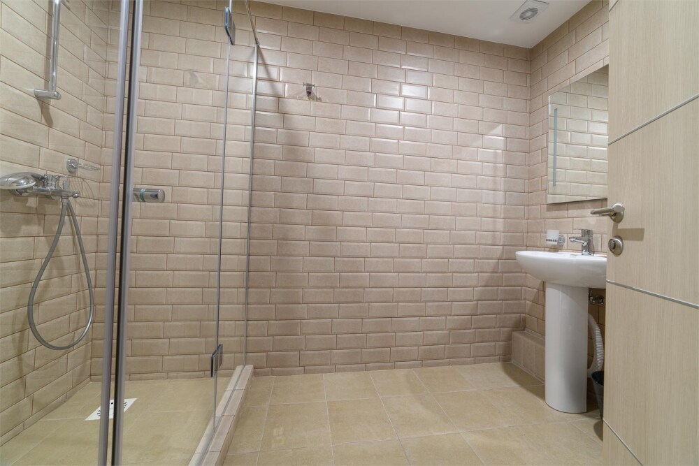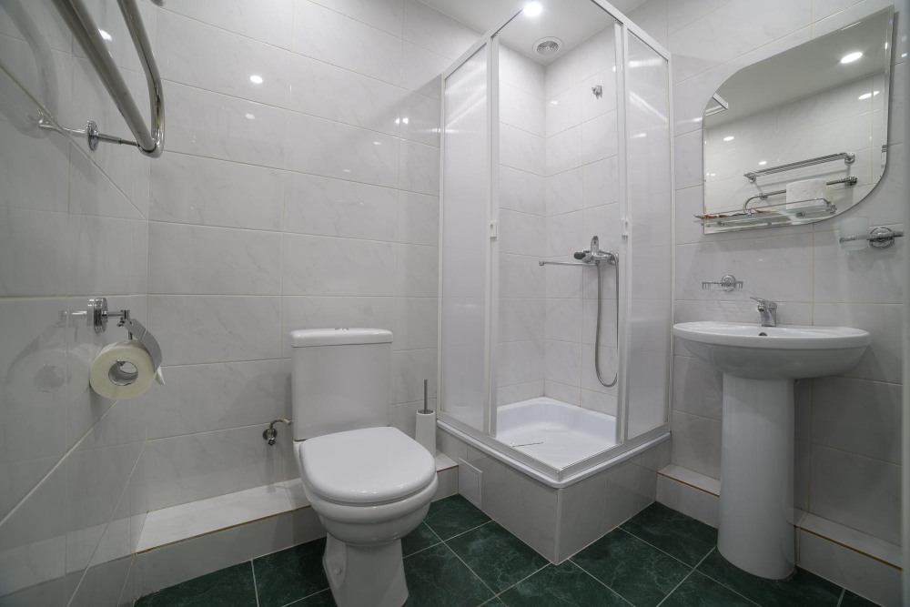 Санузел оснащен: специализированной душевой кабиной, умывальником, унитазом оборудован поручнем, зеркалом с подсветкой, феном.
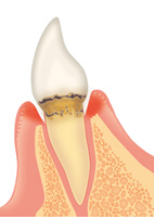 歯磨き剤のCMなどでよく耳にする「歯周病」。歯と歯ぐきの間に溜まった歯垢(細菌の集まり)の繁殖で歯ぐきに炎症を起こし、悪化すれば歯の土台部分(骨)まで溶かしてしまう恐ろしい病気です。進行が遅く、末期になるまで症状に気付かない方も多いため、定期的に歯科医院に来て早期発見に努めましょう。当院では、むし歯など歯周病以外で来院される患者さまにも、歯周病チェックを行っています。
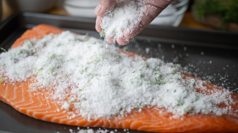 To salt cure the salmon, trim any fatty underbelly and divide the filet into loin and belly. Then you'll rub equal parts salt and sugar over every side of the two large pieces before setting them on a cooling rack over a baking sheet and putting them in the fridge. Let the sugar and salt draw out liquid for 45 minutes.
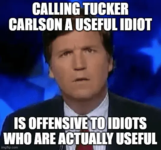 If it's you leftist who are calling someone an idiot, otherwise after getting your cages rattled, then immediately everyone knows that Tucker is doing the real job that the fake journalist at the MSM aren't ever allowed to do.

—————

* _Work instruction_
Return exactly the lines of the data, beginning with the first and ending with the line containing "歯磨き剤のCMなどでよく耳に". Skip the pictures.

* _Response to this exercise_
 Санузел оснащен: специализированной душевой кабиной, умывальником, унитазом оборудован поручнем, зеркалом с подсветкой, феном.
 歯磨き剤のCMなどでよく耳にする「歯周病」。歯と歯ぐきの間に溜まった歯垢(細菌の集まり)の繁殖で歯ぐきに炎症を起こし、悪化すれば歯の土台部分(骨)まで溶かしてしまう恐ろしい病気です。進行が遅く、末期になるまで症状に気付かない方も多いため、定期的に歯科医院に来て早期発見に努めましょう。当院では、むし歯など歯周病以外で来院される患者さまにも、歯周病チェックを行っています。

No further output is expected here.